On civic monitoring, we are working on projects to implement civic monitoring programs in Paraguay, Kosovo, Kyrgyzstan, Moldova, and Kazakhstan. We will share the methodologies, tools and templates developed for reuse by the wider field. 

In our expanded second generation of Lift, we are taking on more teams pursuing equity and sustainability goals. And we’re working with many more to incorporate social impact into their anti-corruption efforts so that we go beyond compliance alone to truly improve outcomes for citizens.

Overall, we are recognizing that holistic support is needed to get reforms to impact. So, we will be integrating the Lift approach across our engagements, so that partners can receive sustained support up to and including achievement of their goals. In this new model, data support will not be focused on implementation of OCDS alone, but focused on ultimate objectives of using data to achieve results. We are already testing some approaches in Lift (El Paso, Texas) but also in our engagement with Long Beach, California.
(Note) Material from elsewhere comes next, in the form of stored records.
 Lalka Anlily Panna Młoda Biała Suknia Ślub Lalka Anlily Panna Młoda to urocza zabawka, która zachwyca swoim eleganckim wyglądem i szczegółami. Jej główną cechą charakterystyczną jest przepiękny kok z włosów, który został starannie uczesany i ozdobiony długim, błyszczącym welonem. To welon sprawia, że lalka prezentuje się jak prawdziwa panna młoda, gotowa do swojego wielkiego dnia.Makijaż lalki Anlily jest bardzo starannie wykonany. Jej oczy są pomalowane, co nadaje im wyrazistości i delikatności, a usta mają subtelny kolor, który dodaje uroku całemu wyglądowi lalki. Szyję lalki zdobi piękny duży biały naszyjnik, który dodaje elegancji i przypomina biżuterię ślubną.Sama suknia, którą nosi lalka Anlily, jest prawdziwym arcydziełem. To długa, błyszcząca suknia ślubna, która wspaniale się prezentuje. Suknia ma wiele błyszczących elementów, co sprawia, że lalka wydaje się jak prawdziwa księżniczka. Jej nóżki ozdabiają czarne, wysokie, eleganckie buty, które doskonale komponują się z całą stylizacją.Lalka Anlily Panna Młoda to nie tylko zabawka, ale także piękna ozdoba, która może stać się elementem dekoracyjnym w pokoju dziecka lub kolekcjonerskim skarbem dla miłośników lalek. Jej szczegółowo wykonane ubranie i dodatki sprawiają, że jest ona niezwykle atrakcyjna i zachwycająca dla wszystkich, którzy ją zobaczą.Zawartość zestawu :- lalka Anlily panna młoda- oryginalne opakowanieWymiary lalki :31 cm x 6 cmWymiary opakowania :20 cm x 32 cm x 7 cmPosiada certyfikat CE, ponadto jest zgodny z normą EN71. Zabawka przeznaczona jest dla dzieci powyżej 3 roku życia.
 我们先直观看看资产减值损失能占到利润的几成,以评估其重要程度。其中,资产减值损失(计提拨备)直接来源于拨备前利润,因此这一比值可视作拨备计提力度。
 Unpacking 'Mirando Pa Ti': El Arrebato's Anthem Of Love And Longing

4) Putting out even more useful resources 

As the field grows, we won’t be able to deliver 1:1 support to everyone. That’s why it is so important that we put out excellent documentation, guides, tools and templates that the open contracting community can feel empowered to use themselves to achieve their goals. 
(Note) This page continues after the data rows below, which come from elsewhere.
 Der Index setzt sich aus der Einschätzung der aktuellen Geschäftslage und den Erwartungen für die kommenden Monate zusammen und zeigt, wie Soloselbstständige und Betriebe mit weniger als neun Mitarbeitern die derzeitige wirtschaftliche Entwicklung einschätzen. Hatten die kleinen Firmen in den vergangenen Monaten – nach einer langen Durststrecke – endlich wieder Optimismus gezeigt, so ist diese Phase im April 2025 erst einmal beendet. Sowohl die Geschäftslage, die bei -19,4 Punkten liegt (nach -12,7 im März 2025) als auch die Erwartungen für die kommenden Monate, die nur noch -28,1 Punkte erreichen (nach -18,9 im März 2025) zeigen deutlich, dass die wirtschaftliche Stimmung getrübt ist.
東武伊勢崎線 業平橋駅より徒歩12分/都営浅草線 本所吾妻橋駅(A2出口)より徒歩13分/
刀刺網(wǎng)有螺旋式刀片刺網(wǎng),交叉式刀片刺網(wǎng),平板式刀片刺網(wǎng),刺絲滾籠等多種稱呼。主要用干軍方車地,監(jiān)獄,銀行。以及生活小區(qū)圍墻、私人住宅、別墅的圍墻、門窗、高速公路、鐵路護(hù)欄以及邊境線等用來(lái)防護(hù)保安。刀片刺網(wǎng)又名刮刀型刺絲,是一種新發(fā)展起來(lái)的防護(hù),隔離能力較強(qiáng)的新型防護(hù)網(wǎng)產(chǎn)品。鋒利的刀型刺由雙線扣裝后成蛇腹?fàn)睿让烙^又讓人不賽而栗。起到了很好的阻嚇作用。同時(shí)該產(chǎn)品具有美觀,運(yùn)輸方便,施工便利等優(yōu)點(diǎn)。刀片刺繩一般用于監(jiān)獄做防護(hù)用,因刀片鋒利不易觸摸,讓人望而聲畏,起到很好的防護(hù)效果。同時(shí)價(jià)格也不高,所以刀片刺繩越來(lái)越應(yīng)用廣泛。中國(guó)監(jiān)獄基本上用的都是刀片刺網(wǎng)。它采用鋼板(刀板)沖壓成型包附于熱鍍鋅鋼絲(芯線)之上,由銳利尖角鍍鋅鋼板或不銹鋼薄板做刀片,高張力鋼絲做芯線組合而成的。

The community told us that they find our resources useful but the scores weren’t as enthusiastic as they were before. So, in 2022, we want to make sure we are getting this right and going large with resources that will be game changing. For example, we are putting the finishing touches to a global data registry which will allow people to find and download data from any OCDS publisher, creating one of the largest databases of public procurement data globally (and as regularly requested by users). The registry will integrate with a new “flatten tool” so that users can access the data in spreadsheet formats to get better and faster access to what they need. 

We noted a hunger for accessible advice on green/sustainable procurement and we will be working hard to meet that need in a user-friendly tools and approaches too in ‘22. 

5) Doubling down on empowerment vs capacity building

We will now plan for a root-and-branch review of our overall support model to understand how we can better structure a holistic support package around the diverse areas of capacity building that you want to see from us in the coming year. Expect a refresh in Q2 of this year. 

We are thinking hard about ways to provide more self-guided learning tools and exploring how we can improve our data support model so we’ve appreciated your great feedback. 

We will also trial a new Open Contracting School approach with a structured learning curriculum and support for implementation based on a pilot that has been getting great reviews from our partners in Eastern Europe and Central Asia.

In closing

Our Lithuanian and Ukrainian colleagues have a New Year tradition of ice bathing. You take the plunge, it’s a shock initially, but you come out focused and maybe even a little purified. 

That’s how we feel about our 2021 feedback survey. We are glad we took the plunge to get more diverse views than ever before and to ask tougher questions. 

Your input has freshened and focused us for the year ahead: it’s game on for open, fairer and better public spending in 2022!

Impact is when we see a measurable market level impact and an improvement in outcomes from government procurement and contracting. In 2021, we documented four impact stories, about how open contracting was improving health care in Chile, Ukraine and Moldova and delivering transformational infrastructure for the City of Buenos Aires through BA Obras. To give an example, twice as many HIV patients were being treated in Ukraine for the same budget by better procurement of drugs and services in collaboration with patients’ groups. A progress story is when we see the early shoots of potential impact (i.e. early outcomes and outputs that may scale). In 2021, we saw promising progress in six countries (Lithuania, Kosovo and Paraguay’s post-pandemic procurement reforms, Ukraine’s defence reforms, and Nuevo Leon infrastructure reforms and Mexico City’s public bike-share program).